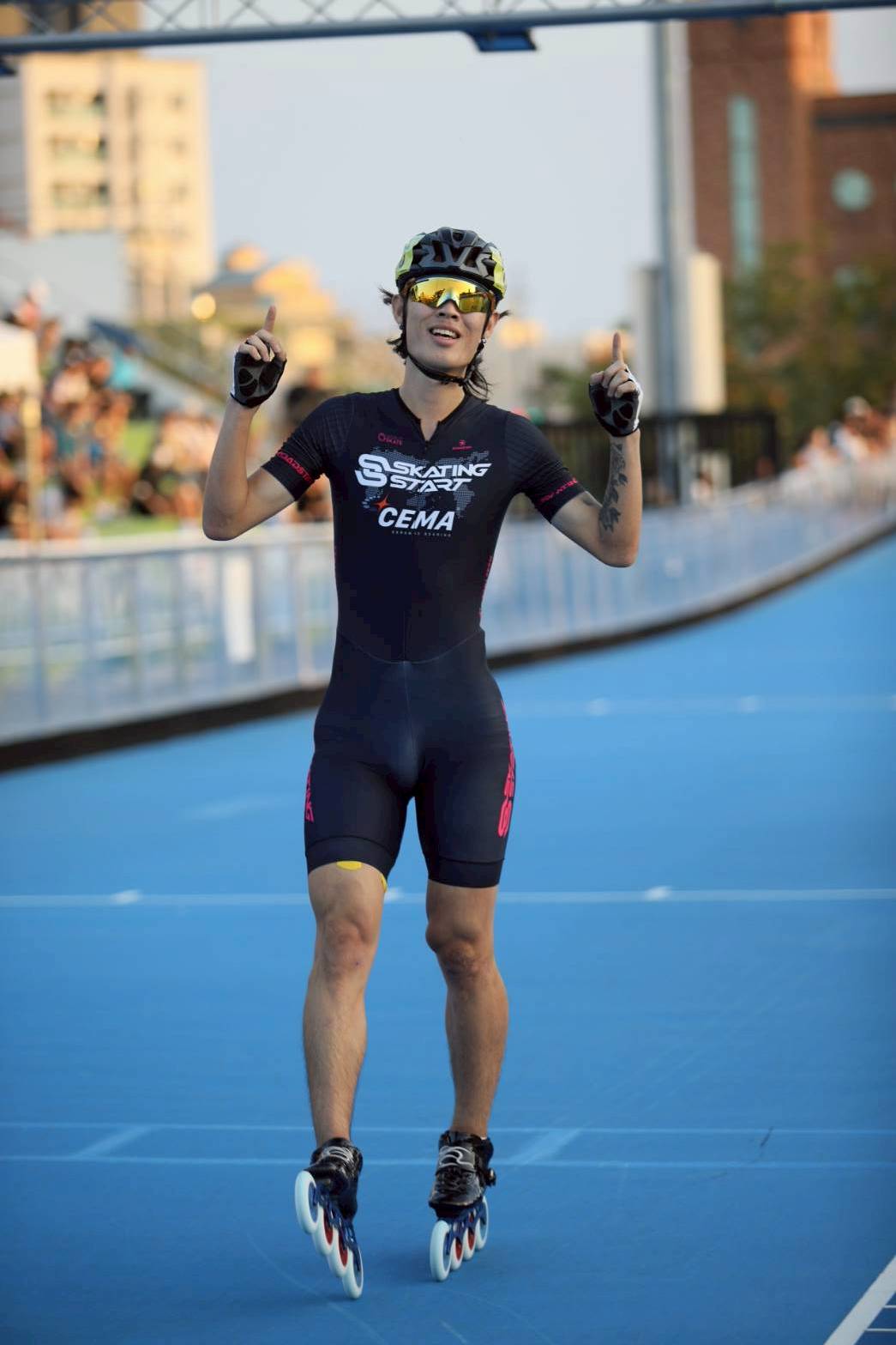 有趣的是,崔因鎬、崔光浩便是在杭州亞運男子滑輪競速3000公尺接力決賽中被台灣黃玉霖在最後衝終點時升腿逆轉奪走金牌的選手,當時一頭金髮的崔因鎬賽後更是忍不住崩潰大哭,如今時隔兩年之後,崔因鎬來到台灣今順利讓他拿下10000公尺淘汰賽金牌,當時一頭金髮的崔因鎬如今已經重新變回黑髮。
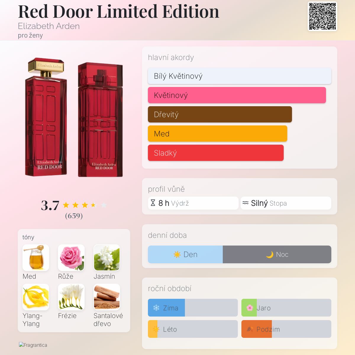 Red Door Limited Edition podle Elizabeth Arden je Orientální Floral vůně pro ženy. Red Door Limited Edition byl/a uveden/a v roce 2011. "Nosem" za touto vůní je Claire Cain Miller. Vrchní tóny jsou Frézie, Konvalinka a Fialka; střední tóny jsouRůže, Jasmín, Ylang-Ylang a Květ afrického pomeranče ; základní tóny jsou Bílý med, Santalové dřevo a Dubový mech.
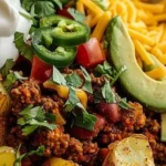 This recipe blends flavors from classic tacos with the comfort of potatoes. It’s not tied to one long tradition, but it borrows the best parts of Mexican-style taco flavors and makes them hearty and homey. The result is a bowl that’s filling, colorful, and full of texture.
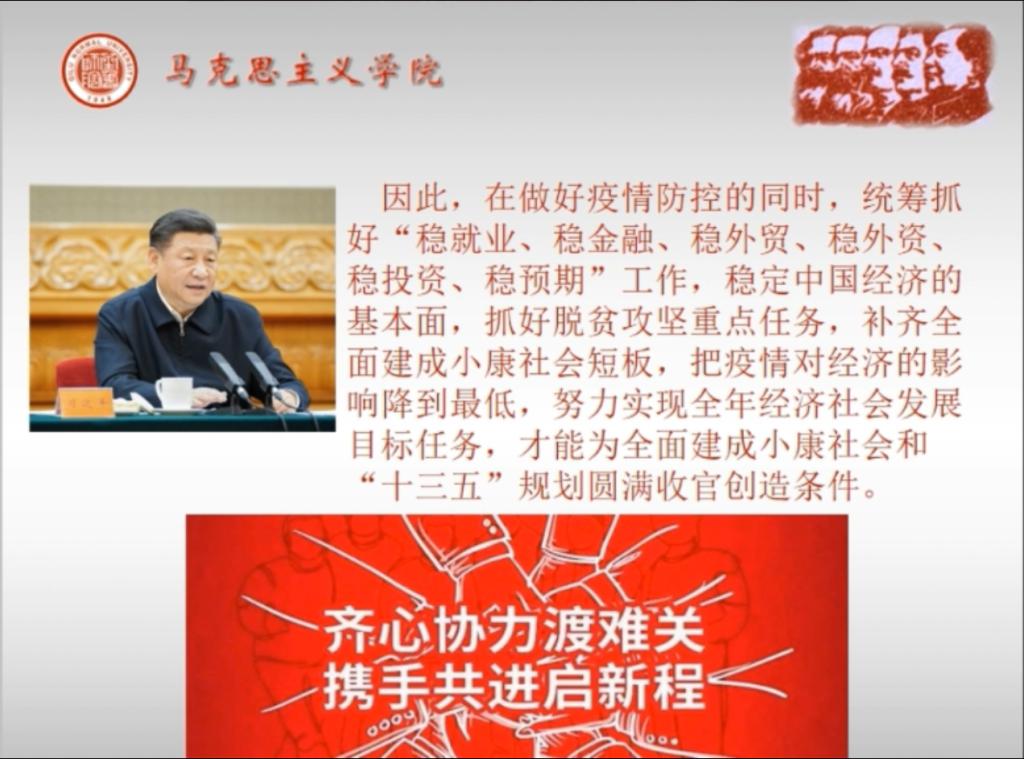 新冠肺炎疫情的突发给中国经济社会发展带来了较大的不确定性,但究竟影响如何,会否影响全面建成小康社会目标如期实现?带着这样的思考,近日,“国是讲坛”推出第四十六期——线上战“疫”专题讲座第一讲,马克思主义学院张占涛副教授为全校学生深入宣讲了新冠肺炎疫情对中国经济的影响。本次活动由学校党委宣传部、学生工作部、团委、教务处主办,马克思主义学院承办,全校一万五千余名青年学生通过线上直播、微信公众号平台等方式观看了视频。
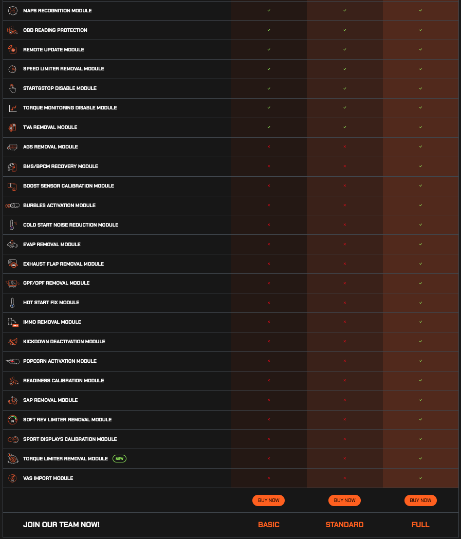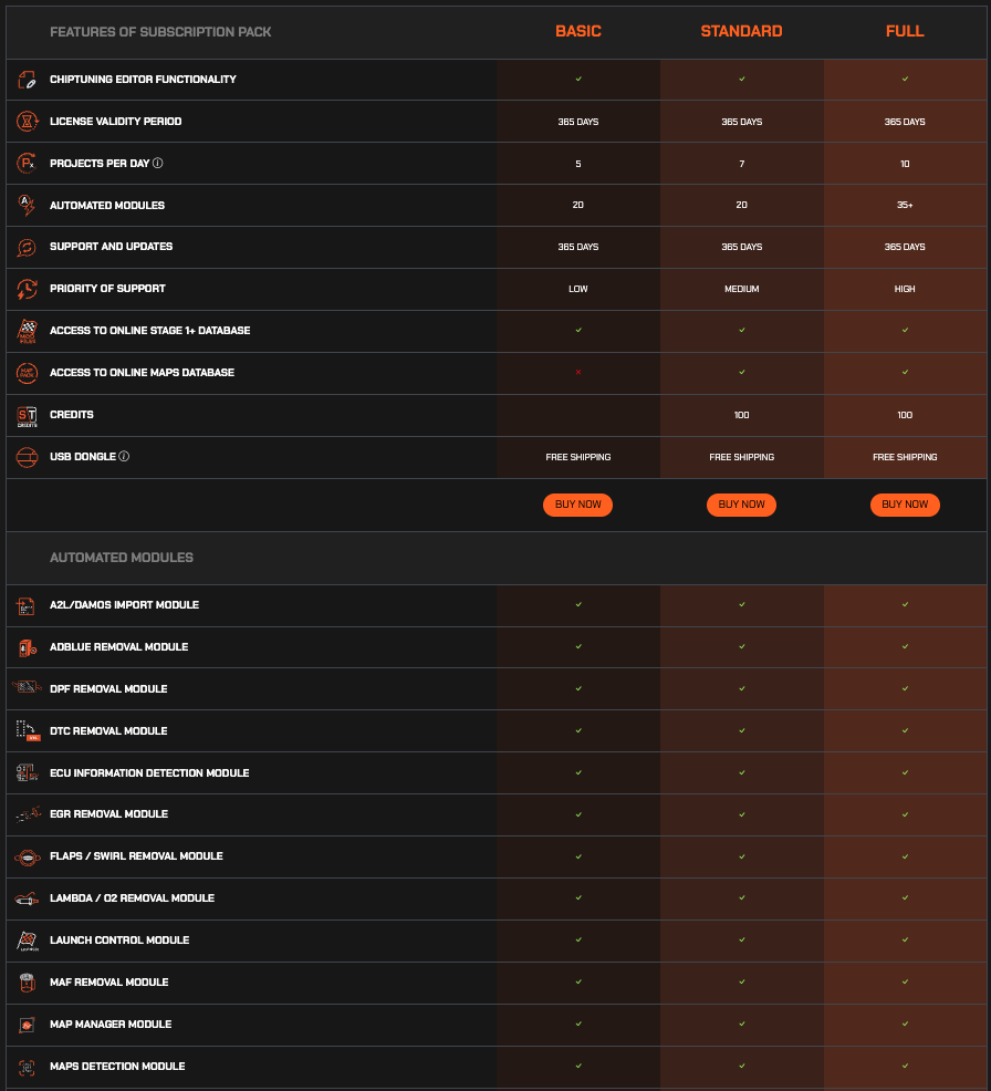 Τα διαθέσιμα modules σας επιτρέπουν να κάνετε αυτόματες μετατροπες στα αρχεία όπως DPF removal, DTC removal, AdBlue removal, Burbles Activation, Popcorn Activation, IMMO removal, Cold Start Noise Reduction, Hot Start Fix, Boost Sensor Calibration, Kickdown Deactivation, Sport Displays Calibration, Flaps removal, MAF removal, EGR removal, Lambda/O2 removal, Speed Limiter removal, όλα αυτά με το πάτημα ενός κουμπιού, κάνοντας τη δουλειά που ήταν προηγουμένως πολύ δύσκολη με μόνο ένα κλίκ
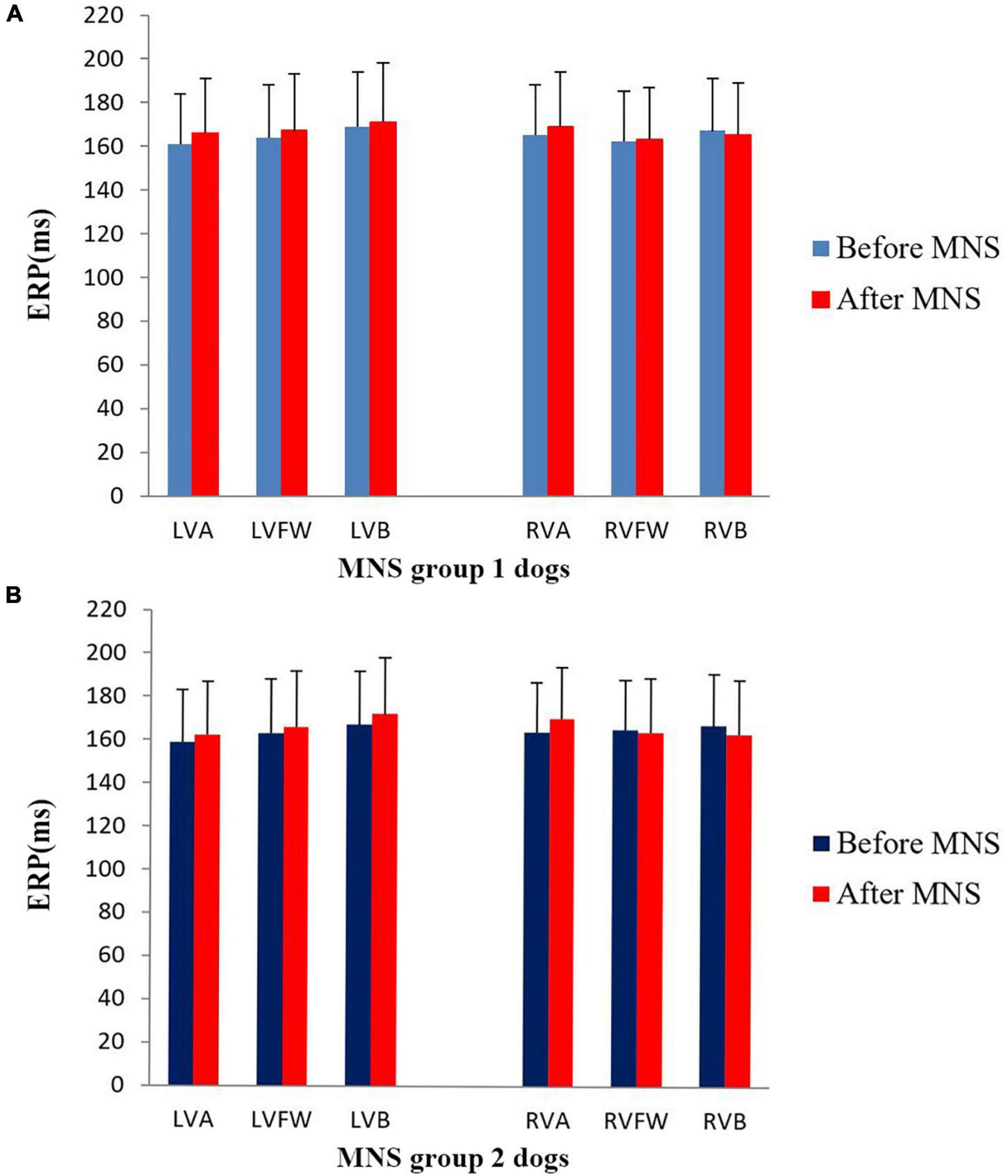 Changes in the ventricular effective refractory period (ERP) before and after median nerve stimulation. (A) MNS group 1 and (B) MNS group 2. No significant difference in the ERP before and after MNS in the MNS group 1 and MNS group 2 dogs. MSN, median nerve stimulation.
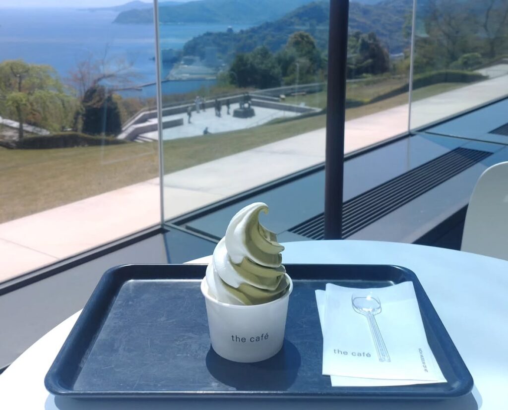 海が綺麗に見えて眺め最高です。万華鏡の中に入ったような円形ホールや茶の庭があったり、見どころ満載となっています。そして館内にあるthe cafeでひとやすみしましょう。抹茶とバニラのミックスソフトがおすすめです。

**********

● To do
Where an entry contains an image, skip the image and write out the rest exactly.

● Answer box
 有趣的是,崔因鎬、崔光浩便是在杭州亞運男子滑輪競速3000公尺接力決賽中被台灣黃玉霖在最後衝終點時升腿逆轉奪走金牌的選手,當時一頭金髮的崔因鎬賽後更是忍不住崩潰大哭,如今時隔兩年之後,崔因鎬來到台灣今順利讓他拿下10000公尺淘汰賽金牌,當時一頭金髮的崔因鎬如今已經重新變回黑髮。
 Red Door Limited Edition podle Elizabeth Arden je Orientální Floral vůně pro ženy. Red Door Limited Edition byl/a uveden/a v roce 2011. "Nosem" za touto vůní je Claire Cain Miller. Vrchní tóny jsou Frézie, Konvalinka a Fialka; střední tóny jsouRůže, Jasmín, Ylang-Ylang a Květ afrického pomeranče ; základní tóny jsou Bílý med, Santalové dřevo a Dubový mech.
 This recipe blends flavors from classic tacos with the comfort of potatoes. It’s not tied to one long tradition, but it borrows the best parts of Mexican-style taco flavors and makes them hearty and homey. The result is a bowl that’s filling, colorful, and full of texture.
 新冠肺炎疫情的突发给中国经济社会发展带来了较大的不确定性,但究竟影响如何,会否影响全面建成小康社会目标如期实现?带着这样的思考,近日,“国是讲坛”推出第四十六期——线上战“疫”专题讲座第一讲,马克思主义学院张占涛副教授为全校学生深入宣讲了新冠肺炎疫情对中国经济的影响。本次活动由学校党委宣传部、学生工作部、团委、教务处主办,马克思主义学院承办,全校一万五千余名青年学生通过线上直播、微信公众号平台等方式观看了视频。
 Τα διαθέσιμα modules σας επιτρέπουν να κάνετε αυτόματες μετατροπες στα αρχεία όπως DPF removal, DTC removal, AdBlue removal, Burbles Activation, Popcorn Activation, IMMO removal, Cold Start Noise Reduction, Hot Start Fix, Boost Sensor Calibration, Kickdown Deactivation, Sport Displays Calibration, Flaps removal, MAF removal, EGR removal, Lambda/O2 removal, Speed Limiter removal, όλα αυτά με το πάτημα ενός κουμπιού, κάνοντας τη δουλειά που ήταν προηγουμένως πολύ δύσκολη με μόνο ένα κλίκ
 Changes in the ventricular effective refractory period (ERP) before and after median nerve stimulation. (A) MNS group 1 and (B) MNS group 2. No significant difference in the ERP before and after MNS in the MNS group 1 and MNS group 2 dogs. MSN, median nerve stimulation.
 海が綺麗に見えて眺め最高です。万華鏡の中に入ったような円形ホールや茶の庭があったり、見どころ満載となっています。そして館内にあるthe cafeでひとやすみしましょう。抹茶とバニラのミックスソフトがおすすめです。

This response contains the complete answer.